Na experiência europeia, depois da dissolução do império romano do Ocidente, o caos mais absoluto reinou, com regimes os mais diversos em pequenos e grandes Estados, de caráter republicano oligárquico, de absolutismo monárquico fragmentado, de monarquia absoluta centralizadora, de ampliação das franquias eleitorais no quadro de um parlamentarismo evolutivo, com diferentes sistemas eleitorais, chegando a sistemas parlamentares consolidados no quadro de repúblicas “presidencialistas”, de monarquias constitucionais (inclusive não unitárias, ou seja federalistas) com parlamentarismo estabilizado, o que tampouco impediu a tentação bonapartista ou cesarista, quando não ditaduras despóticas. 

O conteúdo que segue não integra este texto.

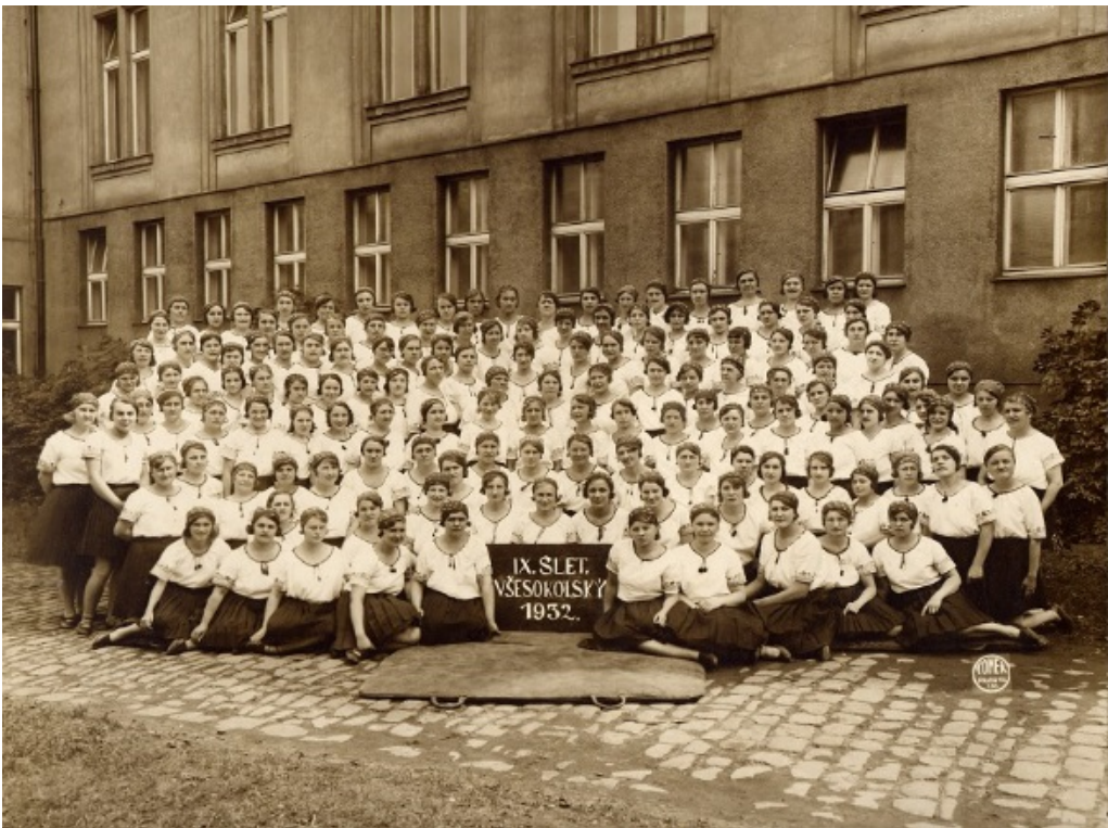
Fotografie č. 9, Ženy na IX. všesokolském sletu v r. 1932
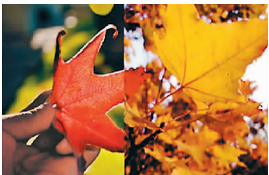
左: 圣地亚哥 右: 北京百望山

当然,在这样变幻莫测的环境下,仍有不少修成正果的例子,他们用亲身经历讲述着:留学时期,我们是怎样很好地守护了已有的爱情。

Em resumo, as combinações as mais diversas são encontradas nos regimes presidencialistas ou parlamentaristas oficiais, com sistemas eleitorais e partidários que respondem pela maior ou menor estabilidade desses regimes, o que tampouco impede tentações populistas ocasionais, o que pode representar a preeminência do executivo em determinadas circunstâncias. O que é o Brasil, também em resumo? Um sistema dito presidencialista, por vezes temperado por um parlamento atuante, mas na maior parte do tempo um regime quase imperial na preeminência que o executivo exerce sobre o poder legislativo, este fragmentado por um sistema partidário permissivo e uma legislação eleitoral que redundou num desequilíbrio profundo da proporcionalidade. 

 

Parlamentarismo vs. presidencialismo: o que seria melhor para o Brasil?

Não existe uma resposta simples a esta questão, pois regimes políticos e sistemas de governo não existem no vácuo e não são determinados idealmente, e sim são o resultado de forças sociais e movimentos políticos que evoluem historicamente e podem inclusive acabar sendo estáveis na sua disfuncionalidade. O Brasil, por exemplo, convive com uma tensão constante e com conflitos potenciais entre o poder do chefe de Estado (e de governo), que resulta de uma maioria presidencial eleita diretamente, e o poder do parlamento, que padece de sério desequilíbrio de proporcionalidade, mas cuja fragmentação dificulta a formação de uma maioria legislativa estável. Essas diferenças de maiorias – direta ou representativa – constituem a fonte de tensões políticas e de crises de estabilidade (ou de instabilidade) que são recorrentes em nossa história. 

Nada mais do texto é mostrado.